With pictures removed, the data below should be returned exactly.

> _The data_
+--

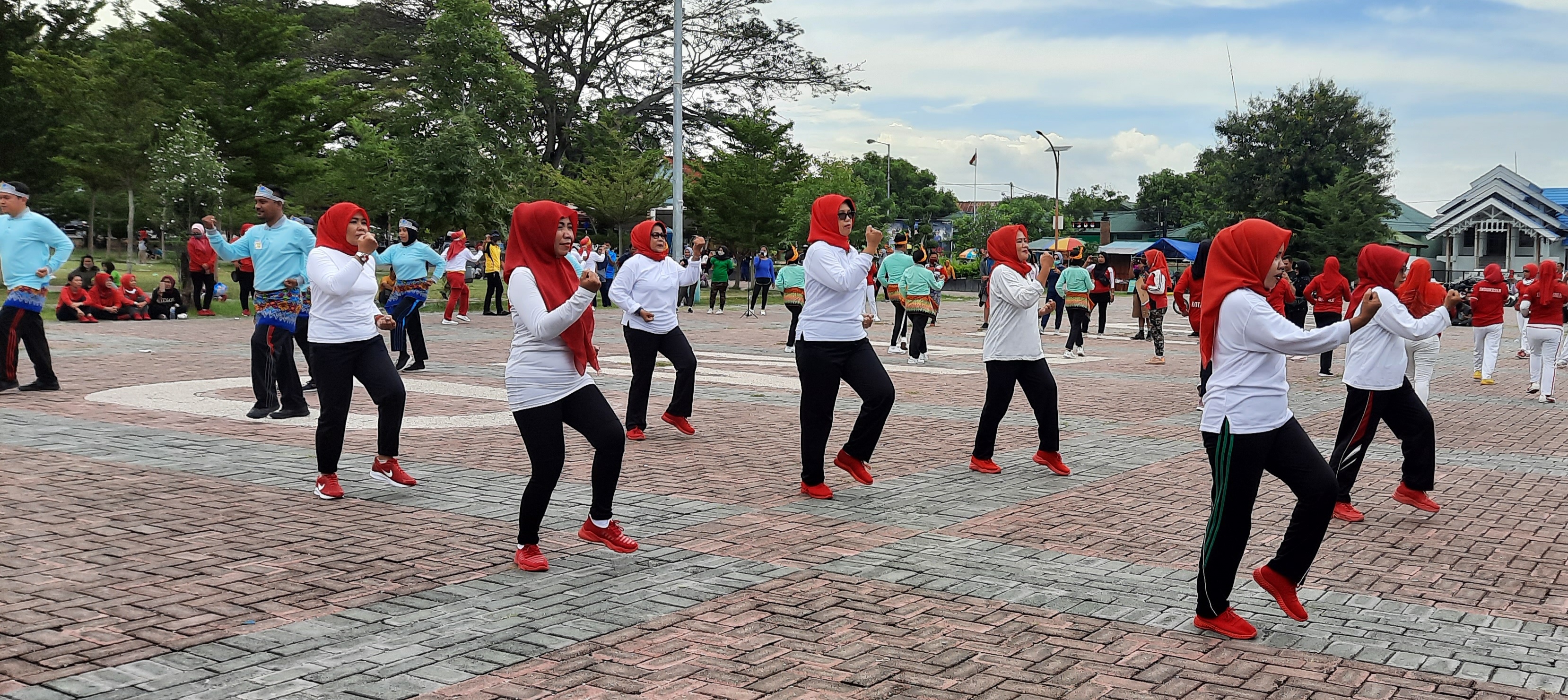 Andi Attas Abdullah (deadline-news.com)-Palusulteng-Sebagai upaya tingkatkan imun dan melawan penyebaran covid19, Dinas Pemuda dan Olahraga (Dispora) Kota Palu menggelar lomba senam.
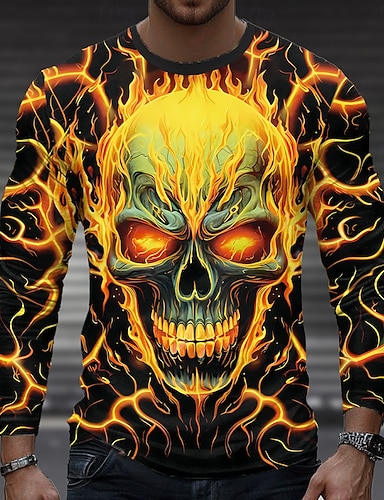 Halloween Муж. Черепа Адское пламя Футболка Длинный рукав Футболка 3D печать Вырез под горло Рубашка Мода преувеличены Для улицы Повседневные Желтый Лиловый Зеленый Лето Весна Осень Одежда S M L XL
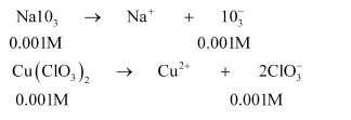 When equal volumes of sodium iodate and cupric chlorate solutions are mixed together, then the molar concentrations of both solutions are reduced to half i.e., 0.001 M.
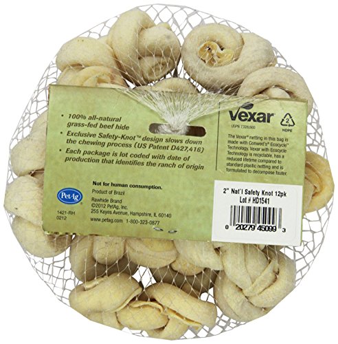 -. Title : Rawhide Brand 2-Inch Natural Safety-Knot Bones, 12 Per Pack, Mesh/Hdr

+--

> _Finished exercise_
 Andi Attas Abdullah (deadline-news.com)-Palusulteng-Sebagai upaya tingkatkan imun dan melawan penyebaran covid19, Dinas Pemuda dan Olahraga (Dispora) Kota Palu menggelar lomba senam.
 Halloween Муж. Черепа Адское пламя Футболка Длинный рукав Футболка 3D печать Вырез под горло Рубашка Мода преувеличены Для улицы Повседневные Желтый Лиловый Зеленый Лето Весна Осень Одежда S M L XL
 When equal volumes of sodium iodate and cupric chlorate solutions are mixed together, then the molar concentrations of both solutions are reduced to half i.e., 0.001 M.
 -. Title : Rawhide Brand 2-Inch Natural Safety-Knot Bones, 12 Per Pack, Mesh/Hdr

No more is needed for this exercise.